Poder escolher o que mais gosta sem levar em conta os preços é um privilégio das crianças. Já para Eliane Biezotti, de 17 anos, o preço foi o fator decisivo nas compras do material escolar deste ano. Ela, que é revendedora de cosméticos, está pagando pelo material adquirido pela primeira vez. Até o ano passado minha mãe é quem pagava pelos itens escolares. Este é o primeiro ano que pago sozinha e o que eu estou olhando mesmo são os preços, menciona.
Variedade
Uma infinidade de itens, marcas, cores e modelos preenchem as prateleiras das livrarias.

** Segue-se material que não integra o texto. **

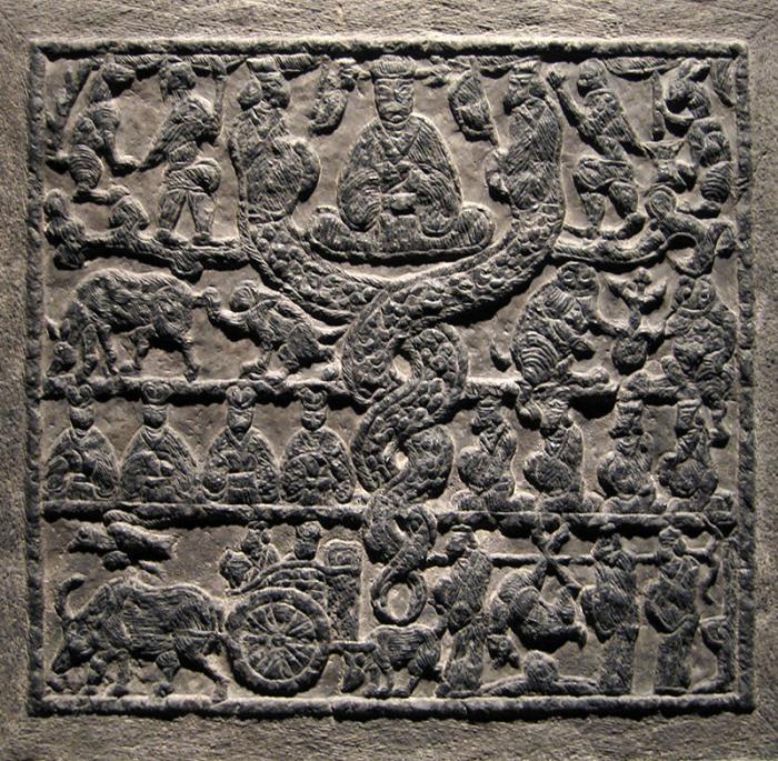 组合式是用多种物象组合来表现事物或观念的一种方式,它由多个物象组合成一个会意式画面。此方式又可分为两种形态:一种是反映客观事物自然状态的写实形态,它表现的是写实的自然时空关系及现实性的情节内容。如云南沧源岩画中的牧牛图(图1-17),成都杨子山出土的汉画像砖中的观伎图(图1-18)等,均是用较写实的形态组合出一种自然时空关系的画面。另一种则是打破自然时空秩序表现超现实形态的造型组合,如:青铜器上的某些图饰利用龙、凤和其它符号图形的组合来体现图式要表达的礼制理念(图1-19),战国楚墓帛画《龙凤升天图》利用龙、凤、人物的组合会意出龙、凤引导墓主人亡灵魂魄相合的升天幻境等(图1-20)。这些图像均是一种超自然时空的形象组合。

Para os adolescentes, de acordo com Mariane, os cadernos que mais têm saída são os da Capricho, marca que lidera esse ranking há alguns anos. Já para as meninas, os materiais da Shopkins são a sensação do momento. Os meninos são mais tranquilos, normalmente gostam de vários personagens e, às vezes, ter um carrinho estampado já é o suficiente, relata.
Outro produto em alta é a mochila em 3D, visualmente atraente e que tem ótima durabilidade, avaliada em, no mínimo, dois anos.
Kochem destaca que é importante não deixar para fazer a compra na última hora. Isso porque alguns materiais vão acabando. Procuramos sempre repor, mas, às vezes, determinado item acaba e não temos mais. As meninas principalmente, que gostam de exclusividade, podem ficar sem algo que desejavam, pontua.
Curso superior
Quem está na formação superior também precisa de materiais escolares, que podem ser encontrados nas livrarias e, caso não tenha o item necessário, o pedido pode ser feito. Temos também alguns livros específicos de cursos superiores. Buscamos nos manter atualizados, principalmente com os do curso de Direito, que mudam bastante. Por isso, por meio das parcerias que temos com editoras, vamos fazendo pedidos várias vezes ao ano, enaltece Glarice Kochem, da Livrarias Globo.
Na hora de pagar
Além dos preços, negociar a forma de pagamento é fundamental. Em ambas os estabelecimentos citados o desconto à vista é de 15%. Já para parcelamento, na Livraria Nota 10 ele pode ser feito em até seis vezes no cartão de crédito; na Livrarias Globo, além deste mesmo parcelamento, aceita-se cheques pré-datados; também há descontos para alguns convênios.